Tokoh Aku adalah seorang perempuan bernama
Dwi.
Kata pepatah, cinta pertama
adalah yang cinta paling dalam. Berharap, cinta pertama akan menjadi cinta
terakhir. Mungkin itulah yang aku rasakan.
Namanya adalah Fadil. Orang yang pertama kali menyentuh hatiku. Sekarang,
“the first” telah memiliki kekasih hatinya,
bahagia bersamanya. Akupun tidak pernah melihatnya lagi secara langsung. Aku sendiri telah mempunyai pasangan. Walau
begitu, Fadil yang ku sebut “the first”
masih hidup di hati ku.
Dika namanya, lelaki yang kini
bersamaku. Orang yang baik. Baik bukan hanya dengan aku saja. Dika bersifat dewasa
bukan tipe pemaksa. Sabar terlihat saat menghadapi emosiku. Dilihat dari wajah,
bisa dibilang lumayan tampan. Kepribadian
dasarnya, dika itu lebih condong pendiam dan lebih banyak mengekspresikannya
lewat tingah laku dan terkadang Dika melakukan hal-hal aneh.

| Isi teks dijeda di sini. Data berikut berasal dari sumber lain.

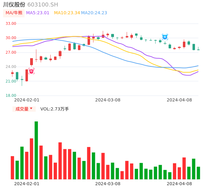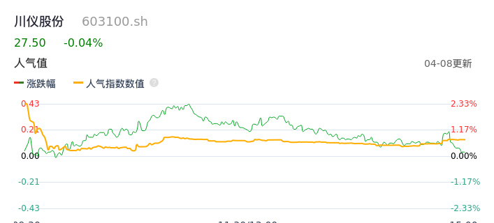 04月08日,川仪股份收报27.50,股价涨幅-0.04%,成交金额7577.20万元,换手率0.70%。
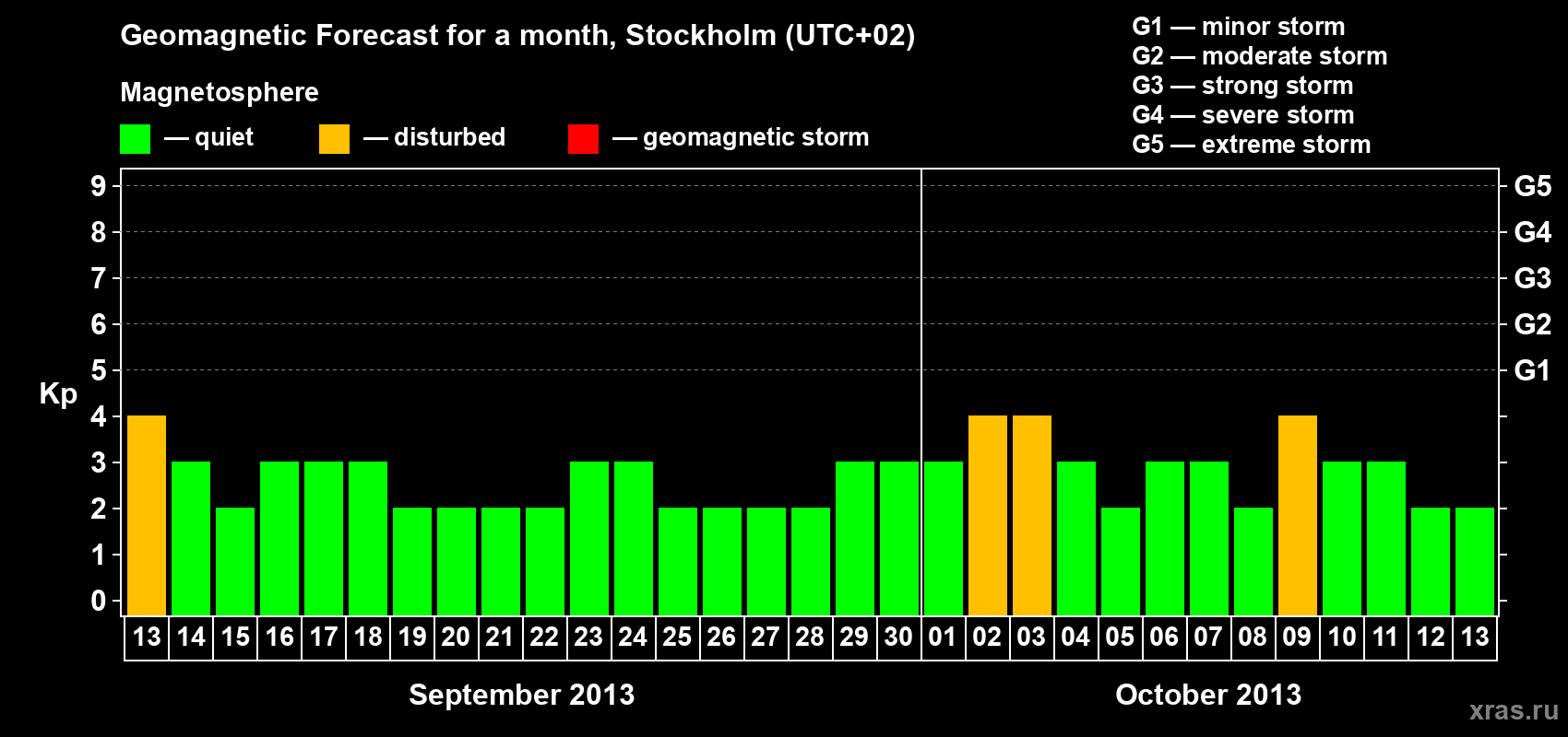 Geomagnetic storm forecast in Stockholm for Sep 13, 2013

Sebenernya, Dika tipe pasangan
yang ideal menurut pemikiranku. Tapi
berbeda dengan hati ini, yang masih diisi olehnya, Fadil. Setiap aku bersanding
dengan Dika, yang kuberikan hanyalah senyum hampa. Kebahagiaan hanyalah akting.
Yang nyata hanya emosi dan sifat sinis ku.
Aku benci, saat Dika memajang
fotoku dengan dirinya di Facebook, Line, ataupun BBM. Aku bilang itu norak,
tapi Dika tetap saja memajang foto selfie itu. Aku kesal, saat kami makan es
krim. Dan suatu momen saat selesai makan es krim.
“Dik, buang aja kenapa batang
esnya, jorok tau hiiiii!”
“Gak apa, biar jadi kenangan. Hehehe”
“Heh.. terserah deh dil, eh
maksunya dik”, aku salah mengucap. Lantas membuat Dika terdiam.
Seringkali aku salah mengucap
nama fadil. Wajar saja, yang terbayang adalah wajah Fadil. Fadil, walaupun dia
sering buatku menangis dan sosoknya tak pernah ku lihat lagi, mengapa masih ku ingat
hal- hal kecil bersamamu. Mengapa khayalku masih bersama Fadil. Mengapa harus
merindui itu.
Maaf Dika, yang di hati Dwi masih diisi seseorang, bukan kamu. Ingin
sekali aku jujur mengucap hal itu,tapi aku takut menyakitinya. Dika terlalu
baik buatku.
Aku hanya bisa sendiri di kamar
ini, bersama tangisan. Bertanya dalam hati, mengapa hati tidak bisa dipaksakan?
Ingin menjerit karena dilemma ini. Aku
bersama Dika, mengapa hanya ada drama yang tidak bisa membuatku bahagia.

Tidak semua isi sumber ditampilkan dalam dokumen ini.